## Requirement
Where the records below reach the line containing "駅に向かって入って行って左側", start transcribing, and end with the line containing "комфортный в носке.", exactly and with nothing else added.

*** Exercise input Section Begins ***

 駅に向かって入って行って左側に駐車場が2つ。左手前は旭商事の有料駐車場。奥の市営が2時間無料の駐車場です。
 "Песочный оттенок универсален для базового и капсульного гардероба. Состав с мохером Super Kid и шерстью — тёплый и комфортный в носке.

*** Exercise input Section Ends ***
*** Exercise input Section Begins ***

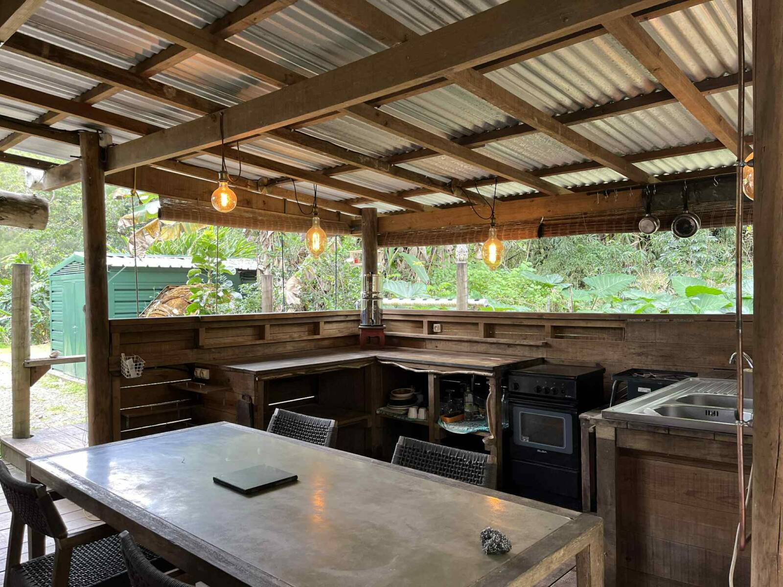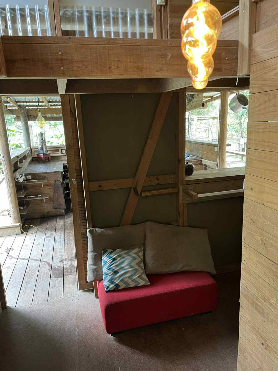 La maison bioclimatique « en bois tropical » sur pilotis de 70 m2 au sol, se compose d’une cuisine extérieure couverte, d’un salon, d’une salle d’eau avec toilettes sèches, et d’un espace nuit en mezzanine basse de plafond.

*** Exercise input Section Ends ***
*** Exercise input Section Begins ***

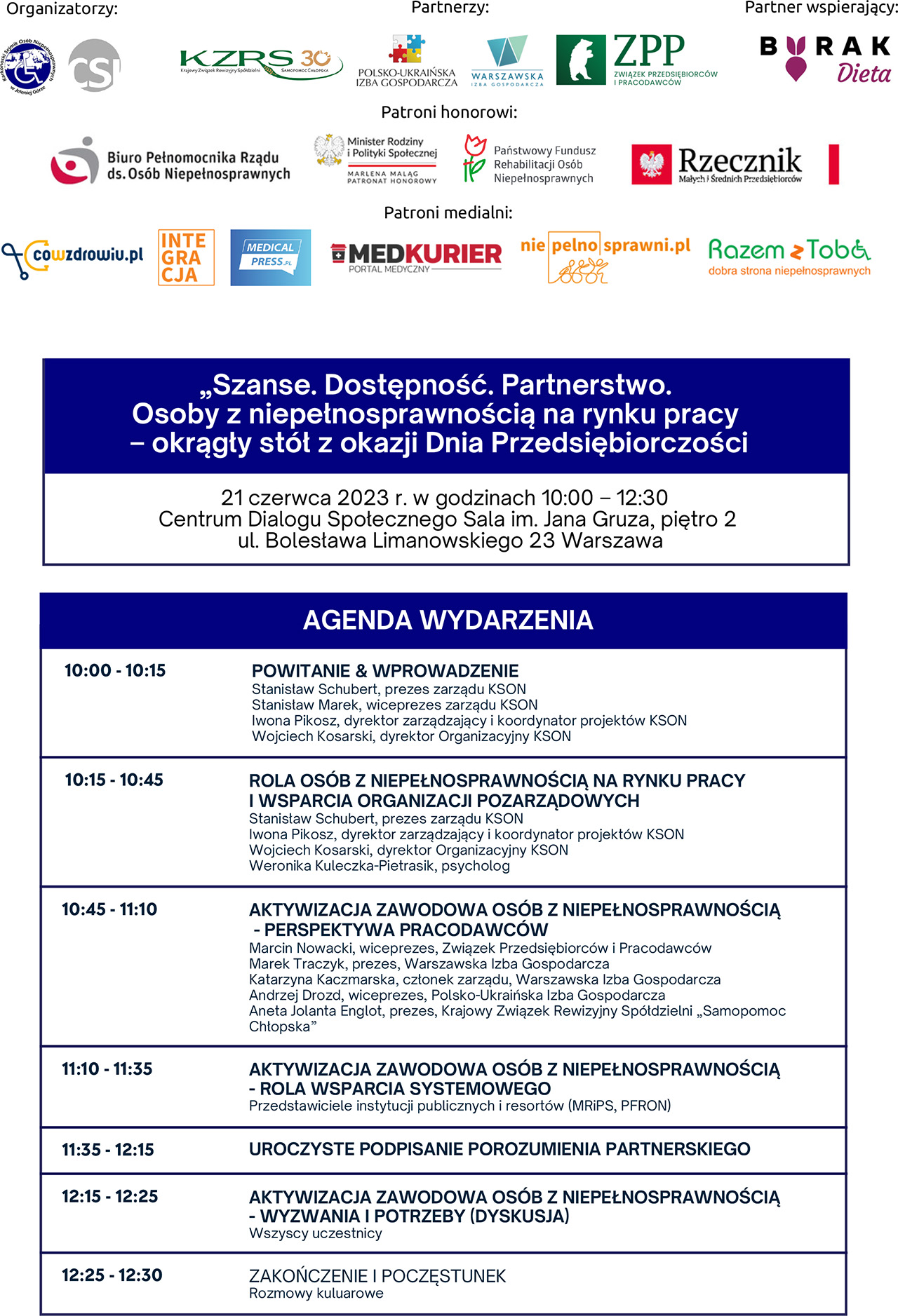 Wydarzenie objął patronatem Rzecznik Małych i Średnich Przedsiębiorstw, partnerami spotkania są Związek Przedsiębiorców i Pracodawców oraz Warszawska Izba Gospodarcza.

*** Exercise input Section Ends ***

## Answer to the problem
 駅に向かって入って行って左側に駐車場が2つ。左手前は旭商事の有料駐車場。奥の市営が2時間無料の駐車場です。
 "Песочный оттенок универсален для базового и капсульного гардероба. Состав с мохером Super Kid и шерстью — тёплый и комфортный в носке.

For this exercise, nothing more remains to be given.